### Provided material
------------------------------
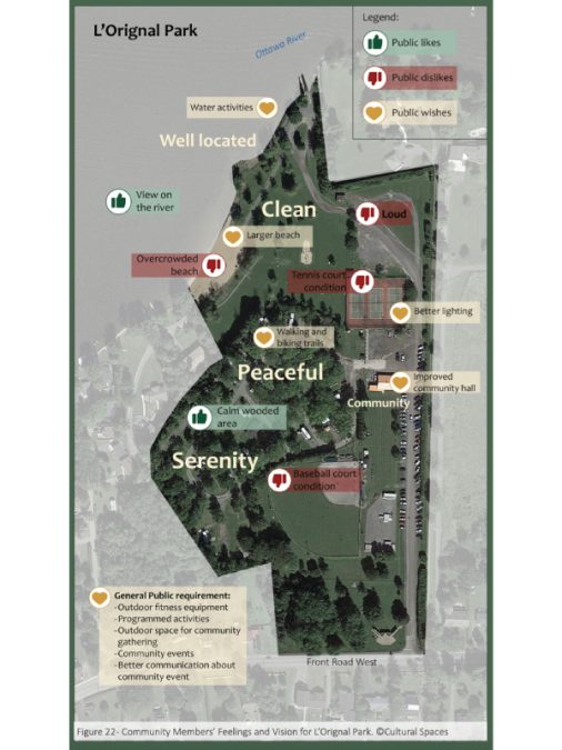 Cultural Spaces composed an image overlay illustration of L’Orignal Park that showcases some of the comments made by residents, highlighting public likes, dislikes, and wishes for various uses of areas within the park.
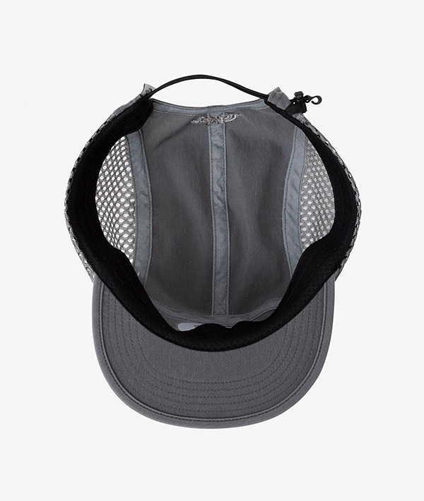 ヴィンテージ風の色落ち感を再現したナイロン100%の5パネルキャップ。コットンライクで適度な厚みと耐久性を備え、サイドメッシュで通気性を確保。フロントと後頭部に刺繍を配し、ドローコードでサイズ調整可能なフラットバイザー仕様の実用的なデザイン。
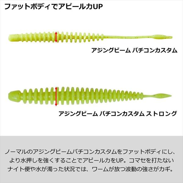 ハイアピールFATボディのSTRONGバージョンに2.8inchを追加。高密度リブとファットボディが広範囲の魚にアピールしアジを寄せる!■ボディ軸を細くしアジの吸い込みに対応。しっかりとボディが折れ曲がることでスムーズにアジの口に吸い込まれる構造。■アミノ酸特殊誘引剤「アミノX」とシュリンプパウダーをふんだんに配合し集魚力が鍵になるバチコンアジングに最適な仕様。■一般的なワーム素材として使用される素材「塩ビ」を採用することで揺れる船上でもジグヘッドにセットしやすい! サイズ:2.8インチ 素材:塩ビ 入数:10 ※実物と色が違って見える場合があります。あらかじめご了承下さい。
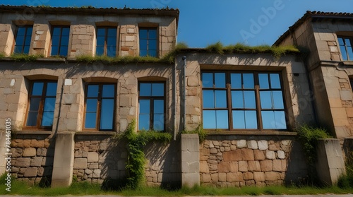 Low angle of weathered stone walls of old industrial building with latticed windows and overgrown.generative.ai
------------------------------
### Aim of the task
Once the line with "ヴィンテージ風の色落ち感を再" is found, output it and every line after it through the end of the listing, exactly, without pictures.

### Solution
 ヴィンテージ風の色落ち感を再現したナイロン100%の5パネルキャップ。コットンライクで適度な厚みと耐久性を備え、サイドメッシュで通気性を確保。フロントと後頭部に刺繍を配し、ドローコードでサイズ調整可能なフラットバイザー仕様の実用的なデザイン。
 ハイアピールFATボディのSTRONGバージョンに2.8inchを追加。高密度リブとファットボディが広範囲の魚にアピールしアジを寄せる!■ボディ軸を細くしアジの吸い込みに対応。しっかりとボディが折れ曲がることでスムーズにアジの口に吸い込まれる構造。■アミノ酸特殊誘引剤「アミノX」とシュリンプパウダーをふんだんに配合し集魚力が鍵になるバチコンアジングに最適な仕様。■一般的なワーム素材として使用される素材「塩ビ」を採用することで揺れる船上でもジグヘッドにセットしやすい! サイズ:2.8インチ 素材:塩ビ 入数:10 ※実物と色が違って見える場合があります。あらかじめご了承下さい。
 Low angle of weathered stone walls of old industrial building with latticed windows and overgrown.generative.ai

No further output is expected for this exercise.